- _WHAT YOU SHOULD DO_
Output the first line below and each one after it, exactly, up to and including the line holding "3.2. Effect of". Pictures should not be copied.

[Records from a data collection]
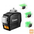 Valovna dolžina laserja doseže 520 nm, medtem ko je delovno območje do 30 m. Zeleni linijski laser 3×360° izstopa z odlično vidljivostjo tudi v sončnih prostorih, zaradi česar je naprava primerna za delo v zaprtih prostorih in na prostem. Ohišje nivelirja je izdelano iz trdnega materiala in je izjemno odporno na poškodbe.
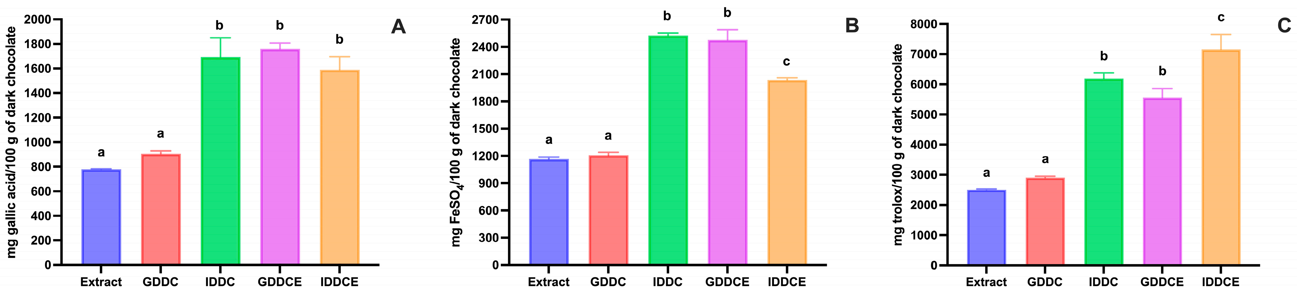 3.2. Effect of In Vitro Gastrointestinal Digestion on Total Phenolic Compounds and Antioxidant Activity in Dark Chocolate and Dark Chocolate Phenolic Compounds Extract
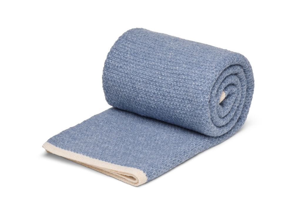 Undeniably soft and deeply comforting, this super soft chunky blanket is the kind of knit you’ll reach for every single day. Its gently heathered blue base and creamy border give it a calm, cocooning look, while the plush, weighty texture adds warmth without heaviness. Whether draped over your sofa, laid across a bed, or wrapped tightly around your shoulders — this is a blanket made to be felt. Chunky knitted structure with a luxuriously soft touch Soft blue mixed yarn body framed by a clean cream edge Ideal for lounging, reading, or gifting to someone you really like Wool blend provides natural warmth with a gentle, modern handfeel Crafted using surplus yarns to reduce waste and maximise beauty Your new favourite comfort piece — soft, soulful, and made to last.
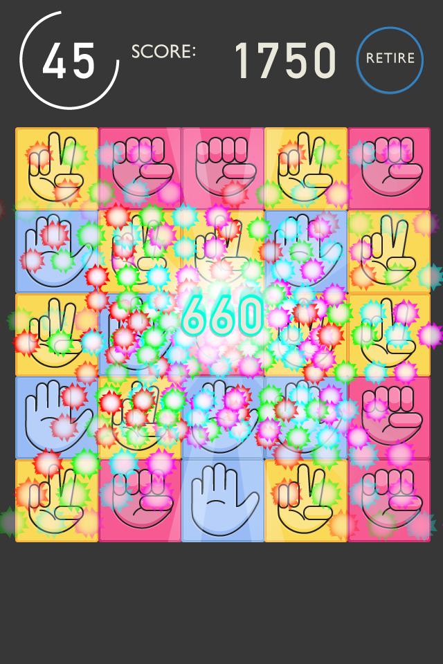 Schließen Sie sich in einem Schlaganfall in der Reihenfolge der Fels-Papier-Sissoren an.
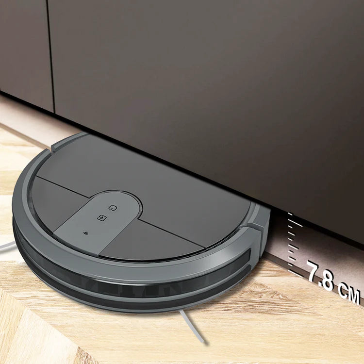 Aufgrund der geringen Gehäusehöhe (78 mm) ist der Roboter in der Lage, unter niedrigen Möbeln hindurchzufahren. Das bedeutet, dass er unter Betten, Nachttischen usw. reinigen kann.
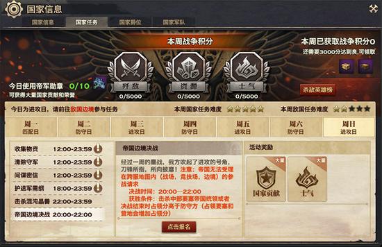 每周日12点将开放帝国边境决战的报名,69级以上的谕霸在本周战争积分达到3000分之后都可以报名参加(国家军队的成员在报名和排队中具有优先资格)。
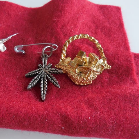 Andet smykke, andet materiale, Forskelligt pynt - slipsenål - broche og andet. - ingen stempel - “ gult. “ og blankt. - kam sendes for 47 kr
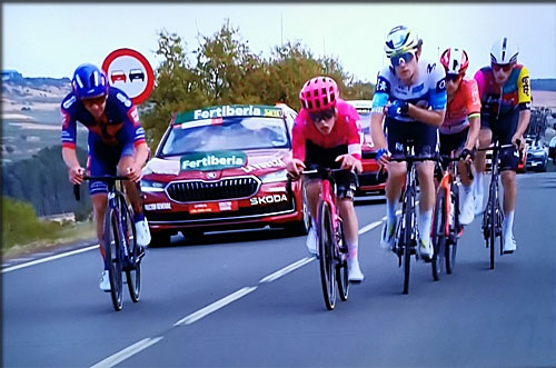 Ecart 2' 22" entre les 5 qui n'ont que peu de chances de l'emporter à Valdescaray et le peloton emmené sans faillir par les Lidl Trek
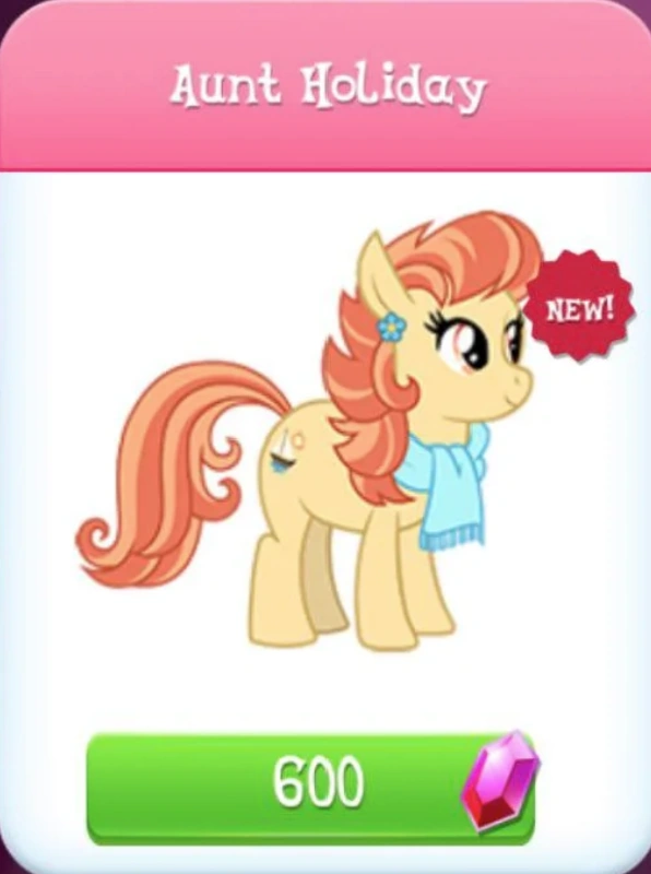 Aunt Holiday is an Earth pony mare added in Update 6.3. She is Snap Shutter's older sister, Scootaloo's paternal aunt, and Auntie Lofty's special somepony.
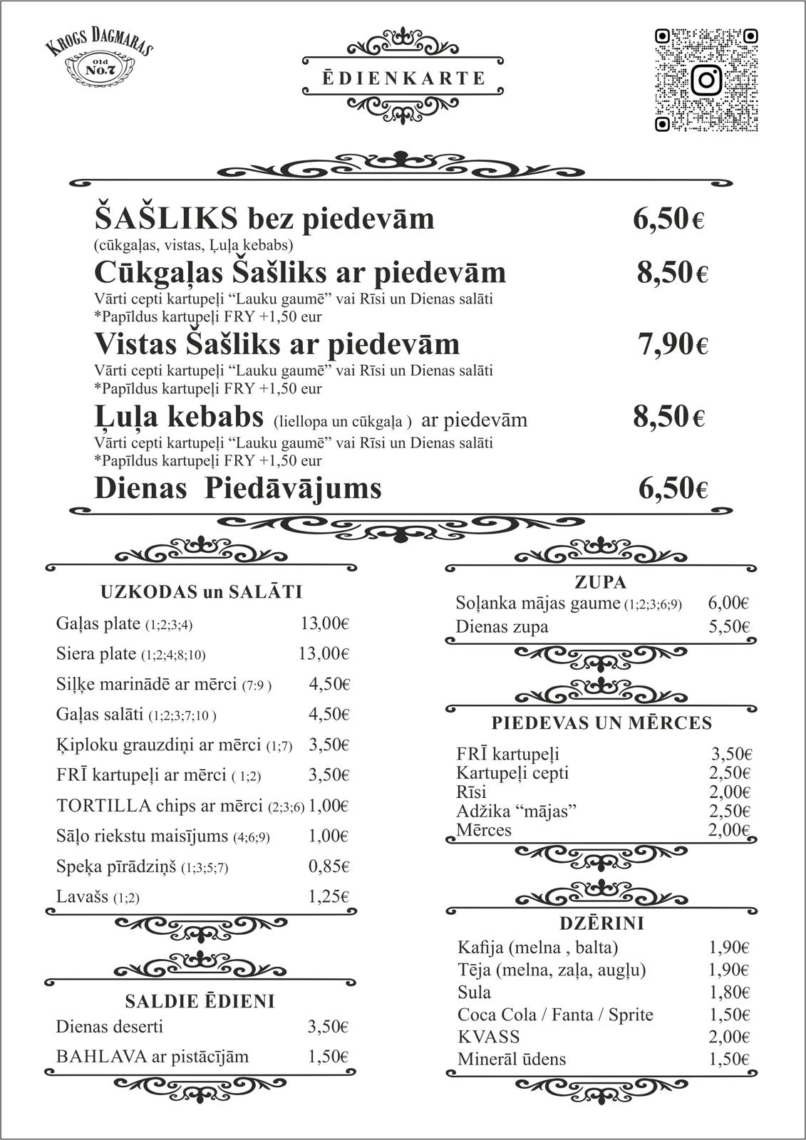 Lepojamies, ka mūsu kafejnīcā katrs viesis var atrast savai gaumei atbilstošu ēdienu. Mūsu pavāru komanda pastāvīgi pilnveido savas prasmes, lai iepriecinātu jūs ar jauniem kulinārijas atklājumiem. Ēdienus veidojam ar mīlestību un rūpēm, lai Jūs varētu izbaudīt katru kopā ar mums pavadīto mirkli.

- _EXPECTED OUTPUT_
 Valovna dolžina laserja doseže 520 nm, medtem ko je delovno območje do 30 m. Zeleni linijski laser 3×360° izstopa z odlično vidljivostjo tudi v sončnih prostorih, zaradi česar je naprava primerna za delo v zaprtih prostorih in na prostem. Ohišje nivelirja je izdelano iz trdnega materiala in je izjemno odporno na poškodbe.
 3.2. Effect of In Vitro Gastrointestinal Digestion on Total Phenolic Compounds and Antioxidant Activity in Dark Chocolate and Dark Chocolate Phenolic Compounds Extract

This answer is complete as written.